Wednesday, May 4, 2011

The response of Al Qaeda is in the West

The news of the decade surprised the Syrian cleric Omar Bakri Mohamed, leader for 20 years the radical better known in Europe and devoted admirer of Osama bin Laden, at his residence in Abu Samra district of Tripoli, where he resides since he escaped from Britain by his alleged links with the 7-J. The conversation with elmundo.

it occurred yesterday morning, just two hours after the world knew the death of Bin Laden, and tremor in the voice of the founder of the extremist group Al-charged Muhajirun attract potential Muslim jihadists in the most disadvantaged areas London, dissolved a few years ago, betrayed his state of shock.

Bakri never hid his sympathy for Al Qaeda or of violent jihadism in response to the West. And it seems that his position was a pose: a few months ago, the Lebanese Justice sentenced him to life imprisonment for having financed and trained Al Qaeda militants. The timely intervention of Hezbollah's legal team took a turn to you: Bakri was released hours later and returned to his home in Tripoli, Sunni stronghold in northern Lebanon, from where yesterday reacted to the news with regret the death of founder Al Qaeda and announced a possible answer "to be held in the West." Q.

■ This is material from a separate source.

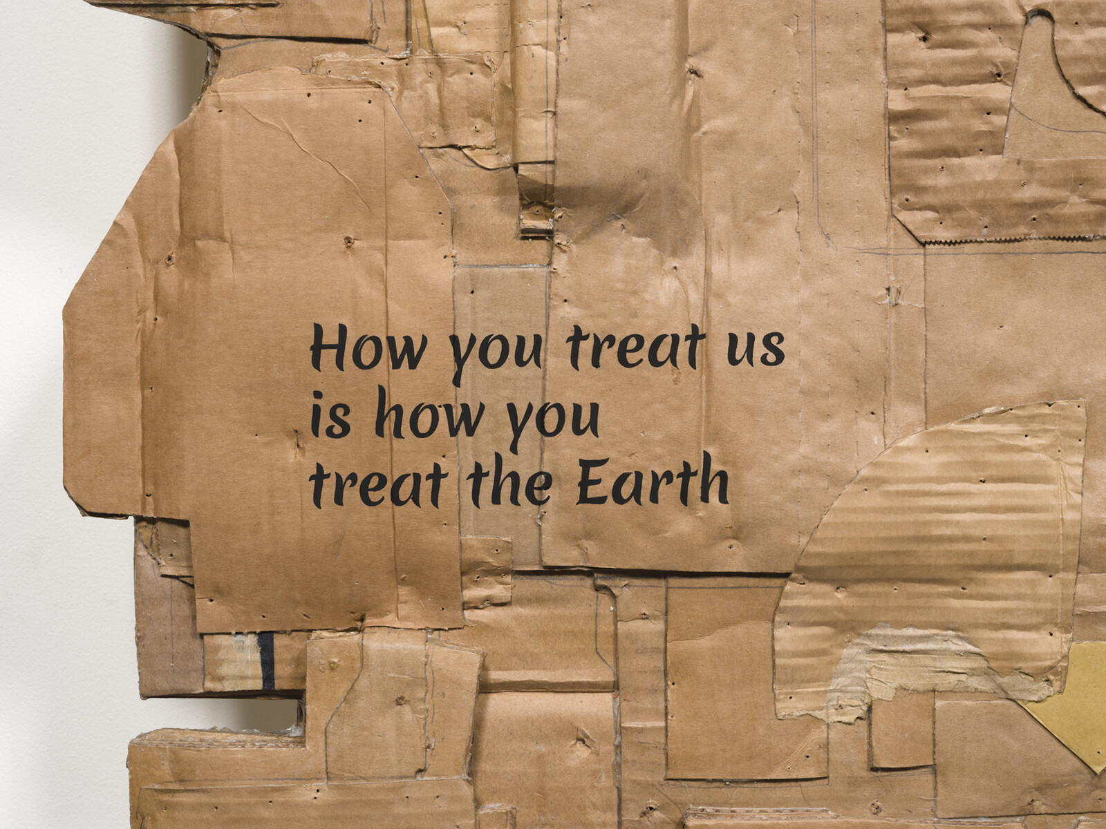 Cardboard, in these irregular, intensely pieced-together panels, becomes more than mere background for the figures. Instead, it’s insistent in its own textures and the committed weaving together of numerous fragments of repurposed paper products—recycling as manifesto against unquestioning modes of resource extraction, accumulation, and monumentality. Bowers’s use of cardboard as more than a material base points to her longstanding work around safeguarding old-growth trees, the living beings from which this manufactured packaging material derives.

- How has the news of the death of Osama bin Laden? A. - It is hard news, but not the first time a leader dies and his blessed death will not stop fighting the forces of evil. Not stopped the death of the emir Doku Umarov in Chechnya, or the disappearance of Abu Musab al Zarqawi in Iraq, and that shows that the struggle will continue.

But leaders like [Barack] Obama have the right to celebrate your small victory, since Bin Laden was able to put the West in deep trouble: their actions promoted the economic crisis and the security crisis that the world suffers today. Q. - Is it going to cause a response from Al Qaeda? R.

- Al Qaeda around the world will celebrate his martyrdom and choose the place and right time to respond. Remember to always be done carefully and that the response operation will be named Bin Laden, and will be in the West, not East. But will take place in due time. Q. - How its disappearance will affect the future of the organization? R.

- Bin Laden as a phenomenon rather than a man who has created several generations of fighters. He inaugurated the first generation of leaders of Al Qaeda, but he succeeded Abu Musab al-Zarqawi and his partners in the Arab world, a third generation in Europe, a fourth appeared in the Maghreb ...

Now is the time they are acting. Of course the stronger leader, the best, was Bin Laden, but his death gives him more strength to the organization for what it meant. The raised awareness of the world's Muslims. Q. - How will ensure his death? A. - When one of us falls into an armed action, defending their beliefs, Muslims celebrate, we will not regret.

We do it with a celebration reminiscent of a wedding, the wedding of the martyr, where there is pain and sadness but also share the joy that should feel the martyr for having achieved their objective. Q. - The European Parliament president said that today we have woken up in a safer world.

R. - What? [Sigh]. I assure you that the world is now much more uncertain. Q. - What is the relationship you with Al Qaeda? A. - I am not a member of Al Qaeda because it is an honor that I deserve, I can only consider a supporter as any other Muslim oppression suffered by the West against the people.

I'm not even a fighter [said with a tone of regret in his voice] I can only consider an expert on Islamic movements and a strong supporter of any struggle against the occupation, whether Shiite or Sunni.